• [PROBLEM DETAILS]: An exact copy of all the lines below is required, with every image left out.

• [PROVIDED DATA]:
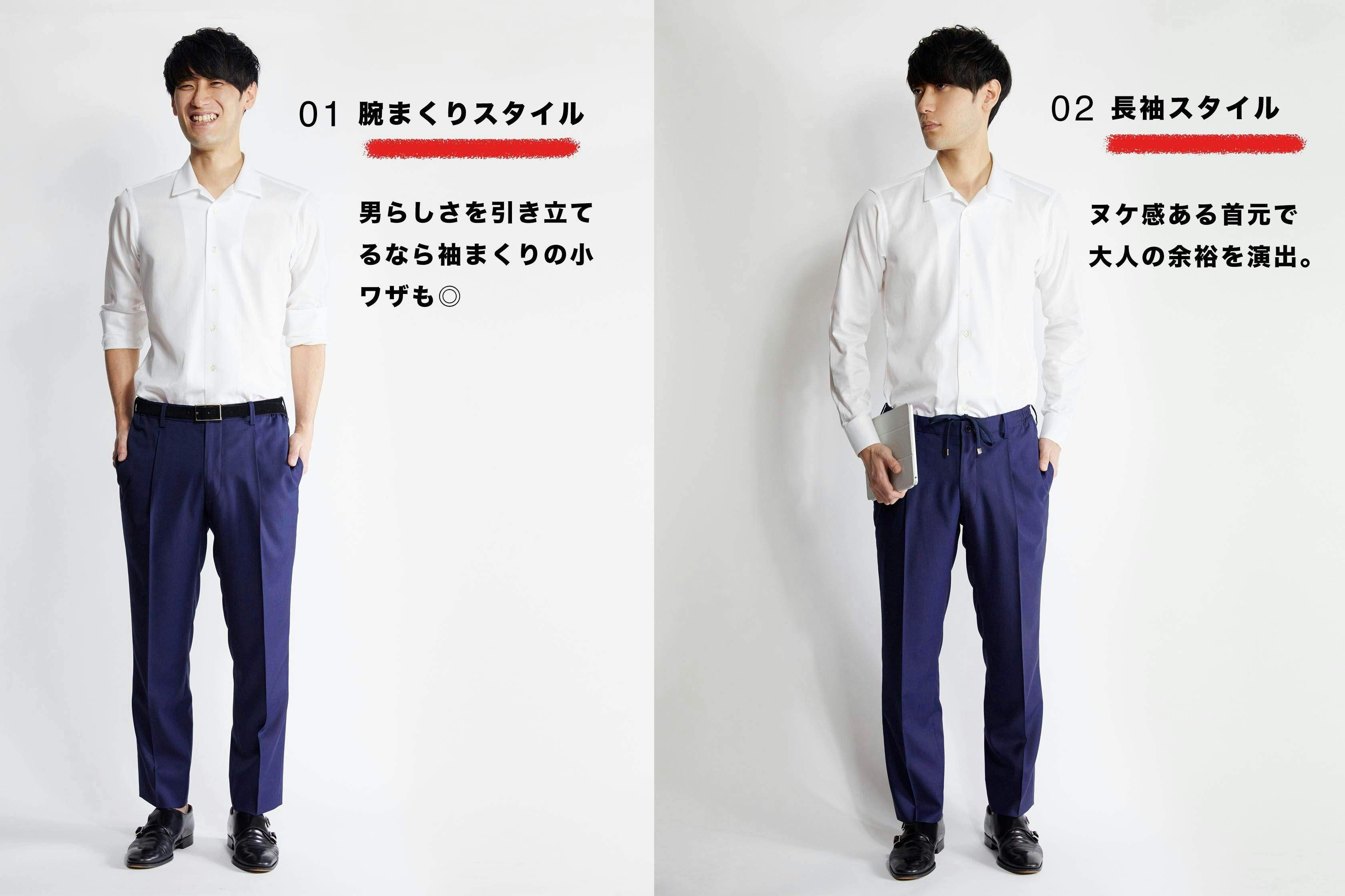 クールビズには腕まくりスタイルもおまかせ。
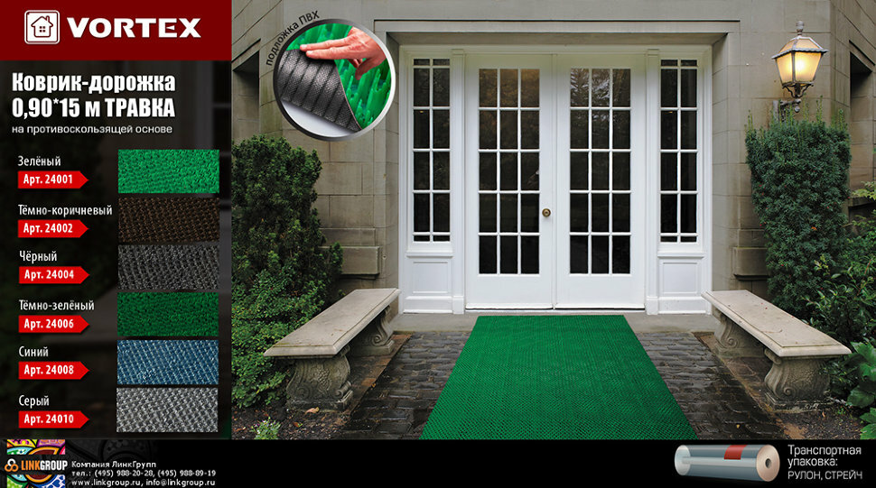 24001 Vortex Коврик-дорожка 0,90х15 м Травка на противоскользящей основе зеленый рул 24001 .
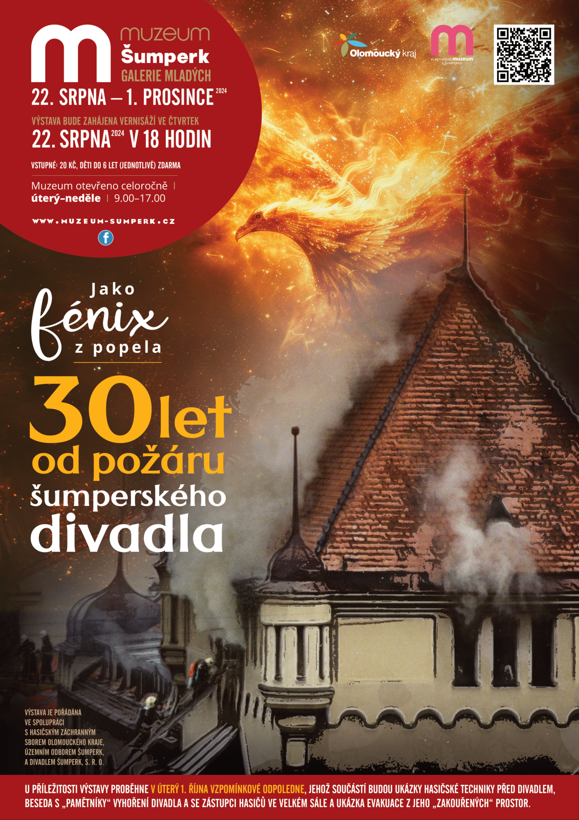 Přijměte pozvání na netradiční výstavu Jako Fénix z popela, kterou letos připravilo Vlastivědné muzeum v Šumperku ve spolupráci s profesionálními šumperskými hasiči. Prostřednictvím výstavy a doprovodných akcí chce připomenout 30 let od ničivého požáru šumperského divadla. Vernisáž výstavy se uskuteční ve čtvrtek 22. srpna od 18 hodin.
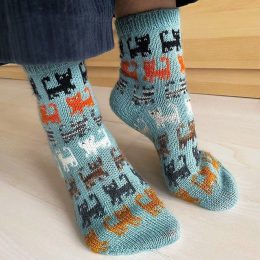 Эти вязаные носки выполнены из мягкой пряжи нежно-голубого цвета и украшены множеством маленьких котиков разных оттенков — черных, рыжих, белых и коричневых. Ун...
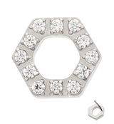 Hexagon Pave Clear CZ Threadless Titanium Top

• [REPLY TO THE TASK]:
 クールビズには腕まくりスタイルもおまかせ。
 24001 Vortex Коврик-дорожка 0,90х15 м Травка на противоскользящей основе зеленый рул 24001 .
 Přijměte pozvání na netradiční výstavu Jako Fénix z popela, kterou letos připravilo Vlastivědné muzeum v Šumperku ve spolupráci s profesionálními šumperskými hasiči. Prostřednictvím výstavy a doprovodných akcí chce připomenout 30 let od ničivého požáru šumperského divadla. Vernisáž výstavy se uskuteční ve čtvrtek 22. srpna od 18 hodin.
 Эти вязаные носки выполнены из мягкой пряжи нежно-голубого цвета и украшены множеством маленьких котиков разных оттенков — черных, рыжих, белых и коричневых. Ун...
 Hexagon Pave Clear CZ Threadless Titanium Top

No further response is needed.